• Aim of the exercise: The data below contains pictures, which are to be skipped; the lines starting at the line with "手铐硌手:用一只手铐铐在手掌" and ending at the line with "Tahari Asl Plus" are to be output exactly, both ends included.

• Data section:
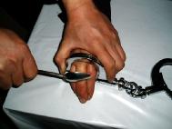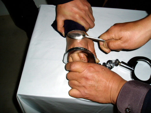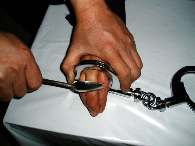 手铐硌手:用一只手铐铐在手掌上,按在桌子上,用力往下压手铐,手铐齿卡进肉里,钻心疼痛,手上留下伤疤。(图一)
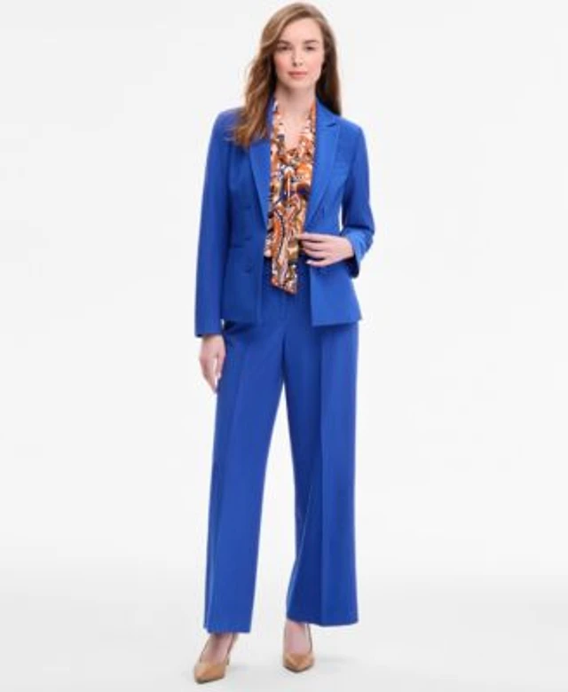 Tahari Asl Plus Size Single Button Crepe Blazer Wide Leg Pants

...

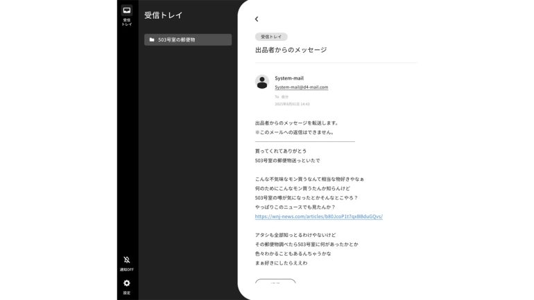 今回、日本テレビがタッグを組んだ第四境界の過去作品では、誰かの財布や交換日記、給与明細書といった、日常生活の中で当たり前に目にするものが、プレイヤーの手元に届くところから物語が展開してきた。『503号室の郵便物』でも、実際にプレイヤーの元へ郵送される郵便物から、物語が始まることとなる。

...

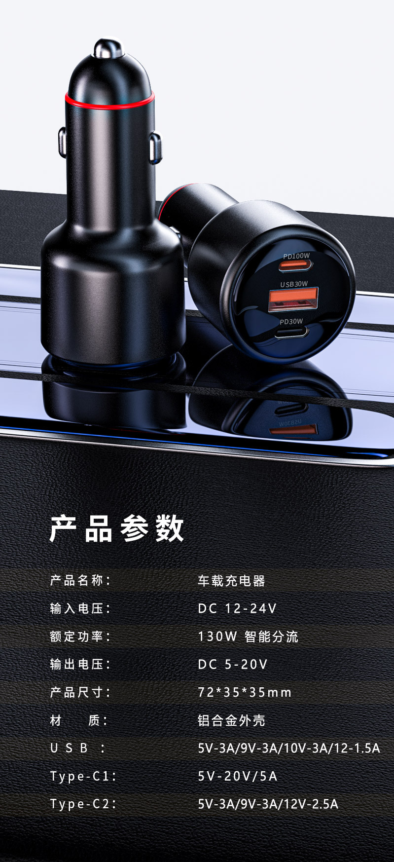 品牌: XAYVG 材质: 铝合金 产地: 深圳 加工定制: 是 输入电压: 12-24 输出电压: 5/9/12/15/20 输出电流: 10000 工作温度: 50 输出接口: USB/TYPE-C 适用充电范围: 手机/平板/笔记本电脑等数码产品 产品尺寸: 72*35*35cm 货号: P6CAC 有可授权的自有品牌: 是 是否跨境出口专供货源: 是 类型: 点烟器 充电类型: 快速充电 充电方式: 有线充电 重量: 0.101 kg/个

• The completed task:
 手铐硌手:用一只手铐铐在手掌上,按在桌子上,用力往下压手铐,手铐齿卡进肉里,钻心疼痛,手上留下伤疤。(图一)
 Tahari Asl Plus Size Single Button Crepe Blazer Wide Leg Pants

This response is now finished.